The further the better
The Englewood (N.J.) Hospital Medical Center switched to Vista shortly after its enterprise release, since it had been in Microsoft’s early adopter program. Most users — mainly nurses and other medical staff — didn’t really notice the upgrade and had few complaints, noted Gary Wilhelm, the business and systems financial manager (a combination of CTO and CFO) at the 2,500-employee facility. That’s because they don’t really use the OS, but instead work directly in familiar applications that load when they sign in using their ID.
Capacitor manufacturer Kemet saw a similar ho-hum reaction from most of its staff, says Jeff Padgett, the global infrastructure manager. And for the same reason: Users have little direct interaction with the OS. But the staff did push back on Office 2007, whose ribbon interface is a departure from the previous versions. They rebelled to the degree that Padgett has delayed Office 2007 deployment and may not install it at all.

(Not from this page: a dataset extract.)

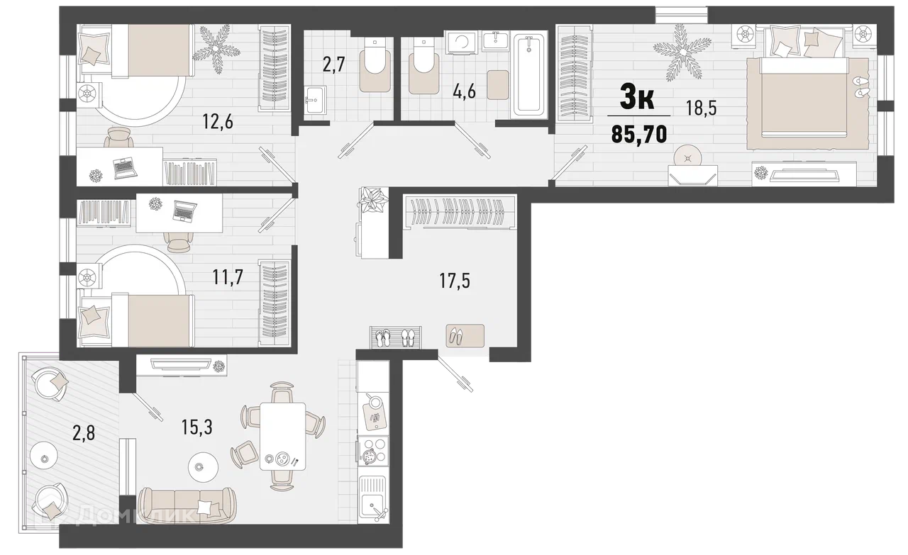 Планировка 2 комн. в ЖК Барса

Back at the Englewood hospital, Wilhelm did hear anti-Vista grumbling from people in the administration department, who work more closely with the OS itself for file management and so on. And at Kemet, another group of hands-on users complained about the switch to Vista, noted Padgett: “The people who suffered the most were engineers and IT people.”
The phenomenon of hands-on users being the most resistant explains why so many small-business users and consultants have reacted so strongly against Vista, noted Gartner’s Silver.
Conversely, those enamored of the latest technology tend to be Vista enthusiasts, said David Fritzke, IT director at the YMCA Milwaukee, which has been adding Vista to its workforce as it buys new computers. “Some users bought Vista for home and then wanted it more quickly at work than we had initially planned to deploy it,” he said. Fritzke also found that younger users adapted to Vista more easily.
In search of ROI
Users’ personal reactions, positive or negative, ultimately impact the bottom line and help drive the business decision of whether to roll out Vista across an organization.
It’s all about basic cost-benefit analysis, says Gartner’s Silver. In most businesses, Vista offers few compelling advantages for users while introducing challenges. The cost of change is too high for the perceived benefit. For example, users often complain about Vista’s constant nagging about possible system threats, about applications that no longer run, or about files that appear to be “lost” because they’ve been moved to new places by the OS, Silver said.
“It’s really hard to convince someone to go to a product that’s not quite as stable or as capable as what they’re already using,” Silver noted — and so they get frustrated and angry. While IT managers and analysts appreciate some under-the-hood changes in Vista, these improvements don’t have an immediate, obvious benefit for users. “Vista’s benefits are not about the users,” concurred Collegiate Housing Services’ Evans.
Upgrades from Microsoft’s past have also colored expectations, Silver said. Users tend to remember the straightforward transition from Windows 2000 to XP, even though technically it was a “minor” upgrade, he said. (Silver also noted that until XP Service Pack 2, XP had its own share of compatibility and security flaws that annoyed users, something that most forgot with SP2’s release.)
And while the path from Windows 95 and 98 to Windows XP was rockier, the benefits were clear enough at each stage for most customers to make the upgrade investment gladly, Silver said.
Some users have decided to skip Vista altogether and instead wait for Windows 7, whose release date has been reported as anywhere between 2009 and 2011 “Why shoot yourself in the foot twice? Windows 7 will be out next year; I’ll wait till then,” said one InfoWorld reader.
If Windows 7 arrives sooner rather than later — or if a miraculous Vista service pack addresses all the major objections in one swoop — then the uproar over upgrading to Vista will quickly fade into the hazy past of other Windows upgrade snafus.